Bu iş kolay kolay bitmiyor, öyle değil mi?

İnşallah bitmez ama bir ara verilmesi lazım. MFÖ gibi bir grubun senede üç-dört konser vermesi gerekirken, biz ayda dört, beş tane verip, biraz grubu ve repertuvarı yormuş oluyoruz. Artık eskisi gibi sık sık bir araya gelip üretemiyoruz çünkü.

İlk albümünüz çok derinliği olan bir albümdü..Hele o zaman için...
'Diday Diday Day'sayesinde oldu o iş. İnsanlar zamanla öbür şarkıları da keşfetti.

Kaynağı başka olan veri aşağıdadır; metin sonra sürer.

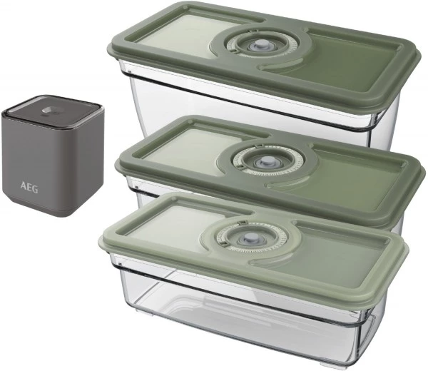 Sicheres und schützendes Aufbewahrungssystem für frische Lebensmittel und Essensreste – für Ordnung in Küche und Kühlschrank. Mit integrierter Datumseinstellung, um die Lebensdauer von Lebensmitteln im Blick zu behalten. Durch leichte Bewegung des Silikon-Knopfes auf dem Deckel des Lebensmittelbehälters können Sie das Vakuum lösen und den Behälter einfach öffnen.
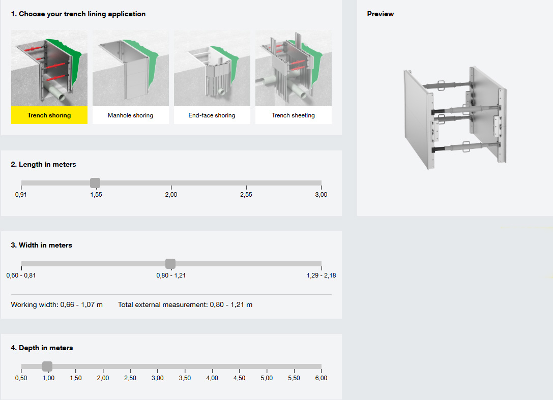 With our new trench lining configurator, you can create a precise configuration for your shoring situation in just a few steps:

Yalnızlık ömür boyu mu peki?
Yok, o şarkı istisna bir şarkıdır. Diğer şarkılarda yoktur o duygu. Yani aslında bir bakıma yalnızsındır ama değilsindir. Bestesi Fuat'ın, sözleri benimdir şarkının.
Neticede bir şarkı; şarkılara o kadar da itimat etmemek lazım. Yalnız insan çok olduğu için şarkı tuttu. Sen o kadar sevme o parçayı.

'Bodrum Bodrum'adlı şarkınız, oranın marşı gibi oldu adeta...
Güzel şarkı, ne yapsınlar! Gittiğim yerlerden etkilenip yazıyorum. Hindistan için de yazdım. Ama Marmaris veya Datça Datça diye şarkı yazamam; kusura bakmasınlar...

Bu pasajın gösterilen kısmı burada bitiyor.